This turns out to be correct, but I wouldn't say it is so obvious that you can assume it.

In fact, your answer is correct. If you can prove your assumption to be true, then you are finished.
 
Dr.Peterson said:
This turns out to be correct, but I wouldn't say it is so obvious that you can assume it.

In fact, your answer is correct. If you can prove your assumption to be true, then you are finished.
Click to expand...
Thanks Dr. Peterson, but can you elaborate on the reasoning why the big square is double the length of small square from geometrical point of view? I'm interested so much and feels my answer is not fully right if I am still "assuming"
 
nanaseailie said:
Thanks Dr. Peterson, but can you elaborate on the reasoning why the big square is double the length of small square from geometrical point of view? I'm interested so much and feels my answer is not fully right if I am still "assuming"
Click to expand...
I'm asking you to explain why you think it is true. There are some good reasons to do so. My own approach to the problem took half the side of the large square as a second variable, rather than assuming anything about it, but I think you can make a good case directly, and I want to see your thinking. (Unless you just assumed it because it looks that way in the picture!)
 
Dr.Peterson said:
I'm asking you to explain why you think it is true. There are some good reasons to do so. My own approach to the problem took half the side of the large square as a second variable, rather than assuming anything about it, but I think you can make a good case directly, and I want to see your thinking. (Unless you just assumed it because it looks that way in the picture!)
Click to expand...
Yes at first I assumed it is double because of the diagram it self (looks twice the length haha!) but after your previous post here, I am thinking that if I draw a line from the centre of the circle to the top right of big square, I will form a triangle. And this will be a congruent triangle if I draw a line from the same centre to the top right of small square. (is this reasoning correct)?

can I see your approach that is using a second variable?
 
nanaseailie said:
Yes at first I assumed it is double because of the diagram it self (looks twice the length haha!) but after your previous post here, I am thinking that if I draw a line from the centre of the circle to the top right of big square, I will form a triangle.
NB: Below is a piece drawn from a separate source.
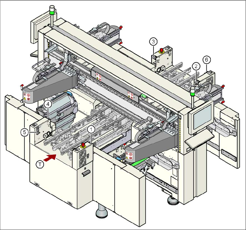 Návod k obsluze SIPLACE X-série Bezpe č nost práce Od verze software SR.70x.xx Vydání 01/2011 Bezpe č nostní za ř ízení 75 2 Obr . 2.6 - 4 Poloha spína čů a tla č ítek - pohled na stranu vstupu desek (1) Nouzové stop tla…

And this will be a congruent triangle if I draw a line from the same centre to the top right of small square. (is this reasoning correct)?
Click to expand...
I don't see anything there to prove that the triangles are congruent:

1661097137144.png

What you can see is that if b=a, then the triangles are congruent, so that this is a possible solution. It doesn't prove that it's the only possible solution.

What I did was to write two equations using the Pythagorean theorem, and solve the resulting (nonlinear) system (with r as a constant). You'll find that b=a is the only solution with both variables being positive.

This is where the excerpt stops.